On the Logics of Perfect Paradefinite Algebras

J. Gomes, V. Greati, S. Marcelino, J. Marcos, U. Rivieccio
LSFA 2021's proceedings, Electronic Proceedings in Theoretical Computer Science

The present study shows how any De Morgan algebra may be enriched by a ‘perfection operator’ that allows one to express the Boolean properties of negation-consistency and negation-determinedness. The corresponding variety of ‘perfect paradefinite algebras’ (PP-algebras) is shown to be term-equivalent to the variety of involutive Stone algebras, introduced by R. Cignoli and M. Sagastume, and more recently studied from a logical perspective by M. Figallo and L. Cantú.

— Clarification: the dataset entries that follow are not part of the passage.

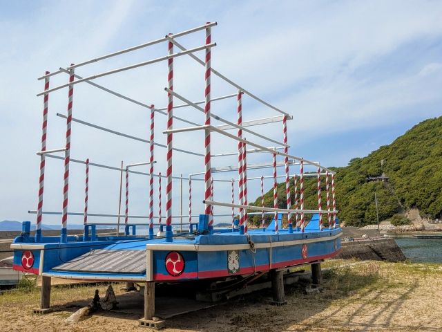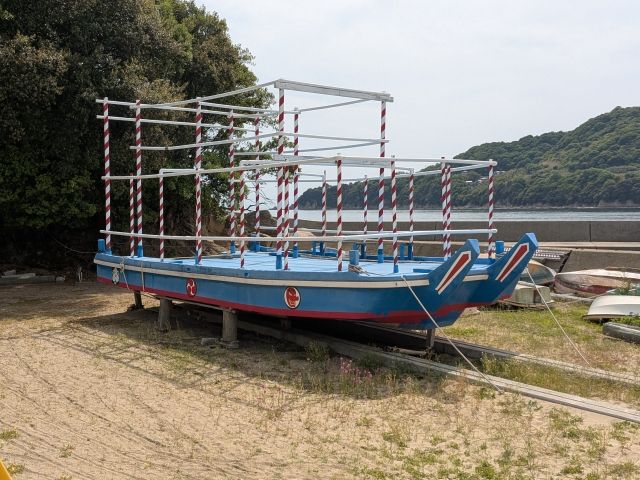 こちらは御召船といい、島神社のお祭りの際に使用される船。7月の海の日の三連休にて、さきほど島神社にあった御神輿を乗せて大飛島へと渡るそう!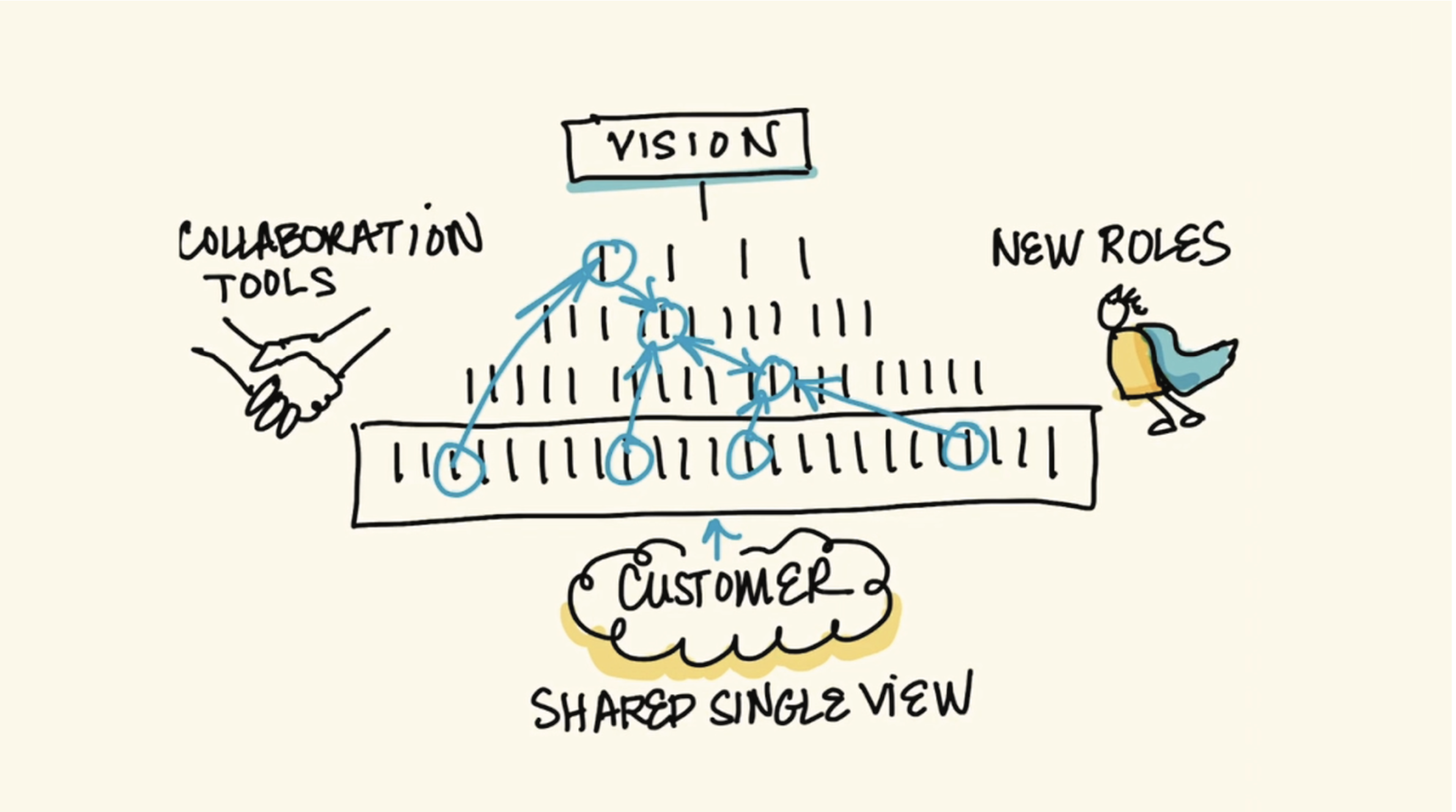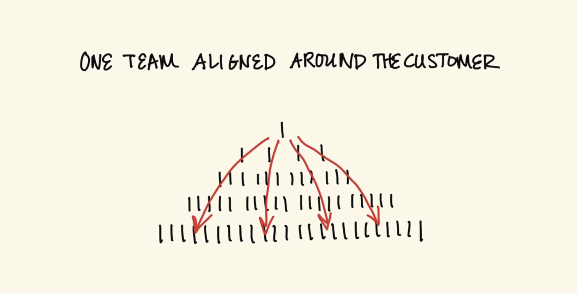 기존의 제품 중심의 기업들은 대부분 ‘Top-Down’ 방식의 수직적 조직구조로 구성되어 있습니다. 그러나 고객이 중심이 되어야 하는 현 시점에서는 이러한 모델의 조직구조는 더이상 적절한 역할을 수행하지 못합니다. 그 이유는 고객과 가장 가까운 곳에 위치한 직원이 조직의 가장 하단부에 위치해 있기 때문입니다. 특히 이들이 기업의 최전선에서 확보한 피드백은 그 어떤 자산보다 소중한 데이터이며, 이를 유의미하게 여기지 않는다면 성공적인 혁신에는 어려움을 겪게될 것입니다.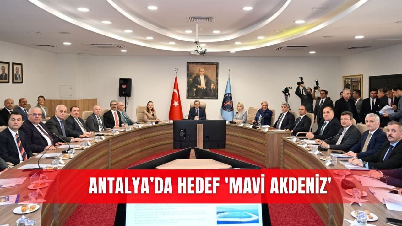 'Antalya Mavi Akdeniz İnisiyatifi Değerlendirme Toplantısı', Antalya Valisi Hulusi Şahin başkanlığında gerçekleştirildi. Toplantıda, Antalya kıyılarında deniz yüzeyi ve kıyı dip temizliğine yönelik kullanılacak yöntemler ve ekipmanlar, deniz kirliliğini kaynağında önlemek için yapılacak müdahaleler, dumansız sahil uygulaması, akarsularda bariyer uygulaması, atık alım gemisi kapasitesinin artırılması, tarımsal ve kimyasal atıklara karşı alınan tedbirler, geri dönüşüm altyapısı ve depozito sistemi ile toplumsal sahiplenme ve farkındalık çalışmaları ele alındı.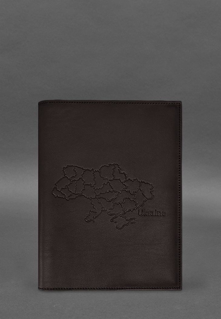 Кожаная обложка для нотариального реестра с картой Украины темно-коричневая - BN-SB-16-1-choko

Such equivalence then plays an important role in the investigation of the 1-assertional logic and also the order-preserving logic asssociated to the PP-algebras. The latter logic, which we call PP≤, happens to be characterised by a single 6-valued matrix and consists very naturally in a Logic of Formal Inconsistency and Formal Undeterminedness. The logic PP≤ is here axiomatised, by means of an analytic finite Hilbert-style calculus, and a related axiomatization procedure is presented that covers the logics of other classes of De Morgan algebras as well as super-Belnap logics enriched by a perfection connective.